Jakarta, Portonews.com – Publish What You Pay (PWYP) Indonesia telah menyelesaikan kajian terkait pentingnya GEDSI (Gender, Disabilitas dan Sosial Inklusi) dalam transisi energi di Indonesia.
Kajian analisis tersebut mencatat beberapa hambatan dan tantangan terkait dengan efektivitas pelaksanaan Pengarusutamaan GEDSI di Indonesia. Hal tersebut mengemuka dalam diskusi publik bertajuk “Pengarusutamaan GEDSI dalam Transisi Energi Berkeadilan di Indonesia” pada Kamis, (15/6/2023) di Jakarta Pusat.
Secara umum, disebutkan dalam diskusi tersebut, evaluasi terhadap implementasi
Inpres No. 9 tahun 2000 tentang Pengarusutamaan Gender dalam pembangunan nasional Indonesia,
adalah sebagai berikut: Pertama, analisis GEDSI masih dilihat secara makro sehingga sulit untuk melihat persoalan ketimpangan
GEDSI dari hulu hingga hilir, padahal sangat penting untuk melihat persoalan GEDSI pada level terkecil di masyarakat.
Kedua, pengarusutamaan GEDSI belum diturunkan pada isu atau kebijakan sektoral yang lebih spesifik, baru beberapa saja seperti kesehatan, pendidikan, dan infrastruktur.
Ketiga, kegagalan capaian GEDSI sangat terkait dengan tidak tersedianya data pilah gender.

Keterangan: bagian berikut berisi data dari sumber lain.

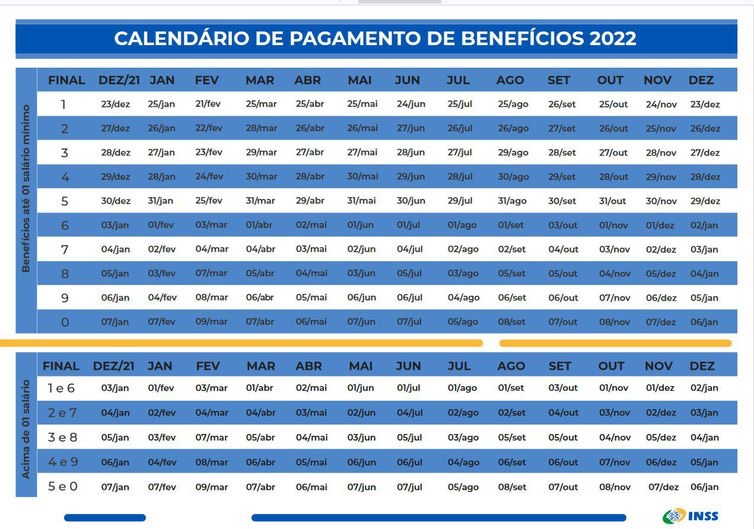 Conforme a tabela de pagamentos anteriormente divulgada pelo instituto, os benefícios de um salário mínimo serão pagos nas próximas duas semanas, até 5 de agosto, conforme o número do cartão do beneficiário. Já os benefícios de quem recebe acima do piso nacional serão liberados entre os dias 1 e 5 de agosto, segundo a ordem prevista na tabela.

Keempat, ukuran pencapaian GEDSI belum memiliki mekanisme evaluasi dan monitoring yang cukup
efektif dalam pelaksanaannya, dalam hal ini sangat terkait dengan aspek kelembagaan dalam pelaksanaannya.

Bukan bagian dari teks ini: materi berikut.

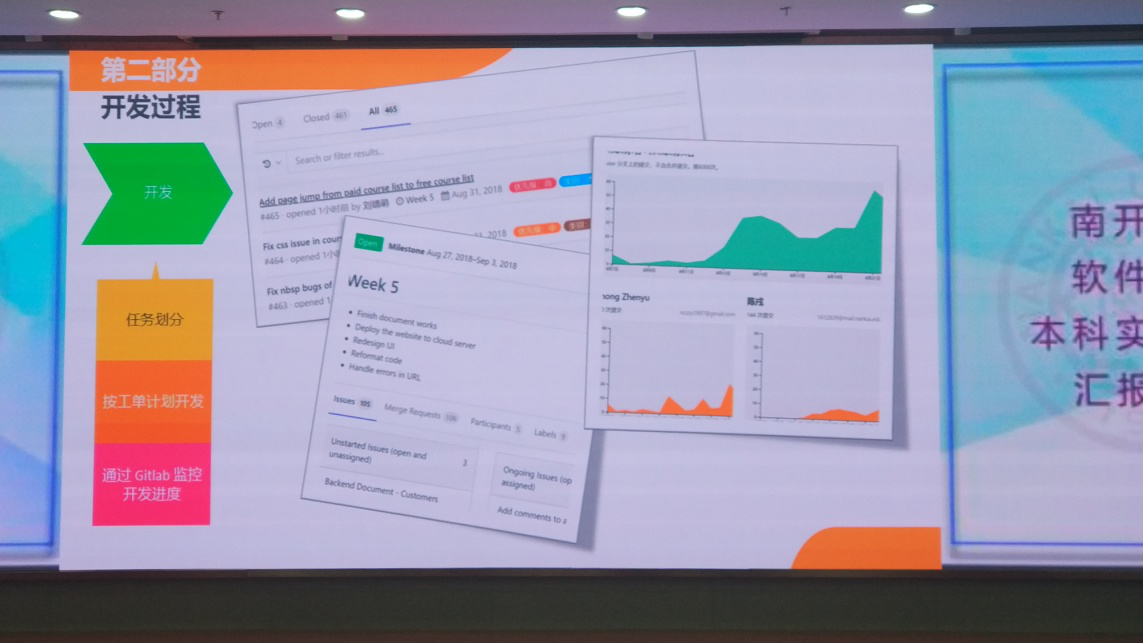 员工团队们展示了自己设计开发的在线购物平台、网上购票、在线音乐播放、外卖平台、在线少儿英语、少儿围棋教育等多套软件系统。对项目过程、采用的移动互联网、大数据、人工智能等技术、团队开发的经验总结作了认真热情的汇报。到场的老师们认真听取了同学们的精彩汇报,并为每个团队进行了进一步的指导。

Atas hal tersebut, maka kajian analisis tersebut menyusun beberapa rekomendasi yang dapat menjadi masukan penting kepada Pemerintah Indonesia untuk menjamin pelaksanaan agenda
pengarusutamaan GEDSI dalam transisi energi berkeadilan di Indonesia, yaitu sebagai berikut:
PWYP mendorong efektivitas pengarusutamaan GEDSI dalam transisi energi berkeadilan di Indonesia, perlu disusun kerangka regulasi yang menjadi landasan hukum untuk membentuk
sebuah kelembagaan dengan dukungan anggaran yang memadai, yang secara khusus akan menjalankan agenda pengarusutamaan GEDSI khususnya dalam agenda transisi energi berkeadilan di Indonesia. Kerangka regulasi ini bisa melengkapi teknis operasionalisasi
pengarusutamaan GEDSI dalam implementasi Undang-Undang Nomor 30 Tahun 2007 tentang Energi dan PP Nomor 79/2014 sebagai dasar hukum pengelolaan energi secara nasional.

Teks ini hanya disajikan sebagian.